ACTIVITY: The records should be repeated word for word, pictures excluded.

RECORDS FOR THE TASK:
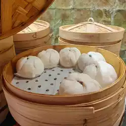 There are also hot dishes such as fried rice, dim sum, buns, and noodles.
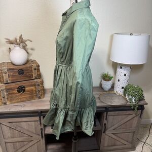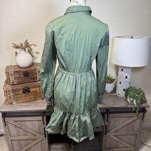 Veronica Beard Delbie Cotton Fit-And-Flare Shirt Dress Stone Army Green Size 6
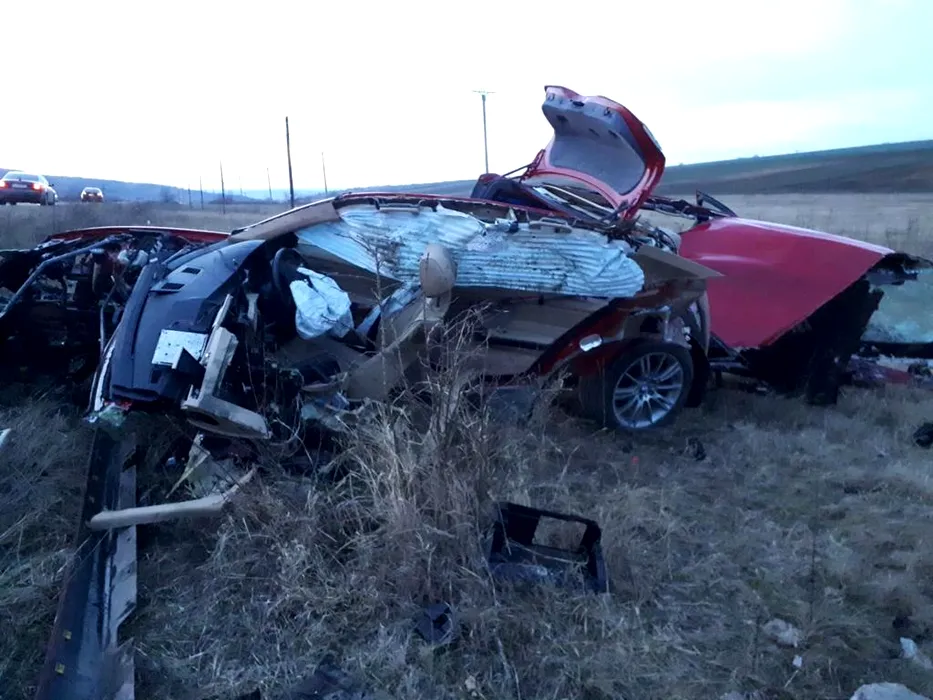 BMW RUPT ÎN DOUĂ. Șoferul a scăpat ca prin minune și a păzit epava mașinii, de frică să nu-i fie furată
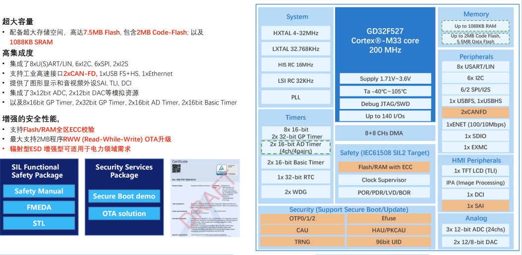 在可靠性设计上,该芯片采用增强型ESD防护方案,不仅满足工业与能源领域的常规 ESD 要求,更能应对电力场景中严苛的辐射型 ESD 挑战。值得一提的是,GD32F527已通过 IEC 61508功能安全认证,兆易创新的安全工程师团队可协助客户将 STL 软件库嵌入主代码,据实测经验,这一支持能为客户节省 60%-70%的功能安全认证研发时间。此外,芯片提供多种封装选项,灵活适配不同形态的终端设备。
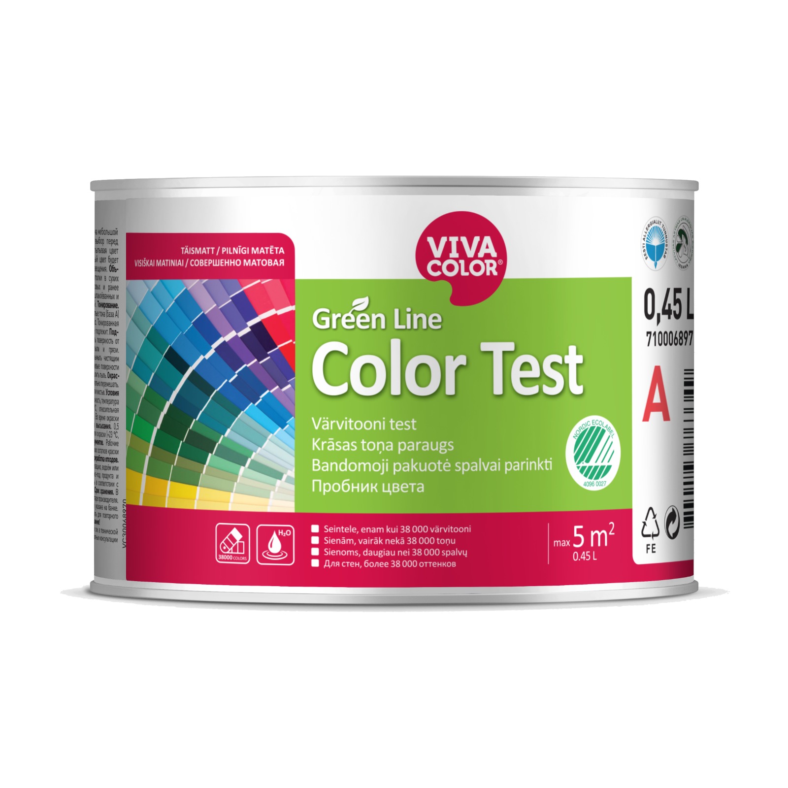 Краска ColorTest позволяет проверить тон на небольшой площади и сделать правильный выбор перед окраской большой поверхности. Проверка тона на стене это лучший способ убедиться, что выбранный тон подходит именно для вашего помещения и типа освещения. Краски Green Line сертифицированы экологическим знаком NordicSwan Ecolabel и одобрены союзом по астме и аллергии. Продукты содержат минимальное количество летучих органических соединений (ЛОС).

ANSWER BOX:
 There are also hot dishes such as fried rice, dim sum, buns, and noodles.
 Veronica Beard Delbie Cotton Fit-And-Flare Shirt Dress Stone Army Green Size 6
 BMW RUPT ÎN DOUĂ. Șoferul a scăpat ca prin minune și a păzit epava mașinii, de frică să nu-i fie furată
 在可靠性设计上,该芯片采用增强型ESD防护方案,不仅满足工业与能源领域的常规 ESD 要求,更能应对电力场景中严苛的辐射型 ESD 挑战。值得一提的是,GD32F527已通过 IEC 61508功能安全认证,兆易创新的安全工程师团队可协助客户将 STL 软件库嵌入主代码,据实测经验,这一支持能为客户节省 60%-70%的功能安全认证研发时间。此外,芯片提供多种封装选项,灵活适配不同形态的终端设备。
 Краска ColorTest позволяет проверить тон на небольшой площади и сделать правильный выбор перед окраской большой поверхности. Проверка тона на стене это лучший способ убедиться, что выбранный тон подходит именно для вашего помещения и типа освещения. Краски Green Line сертифицированы экологическим знаком NordicSwan Ecolabel и одобрены союзом по астме и аллергии. Продукты содержат минимальное количество летучих органических соединений (ЛОС).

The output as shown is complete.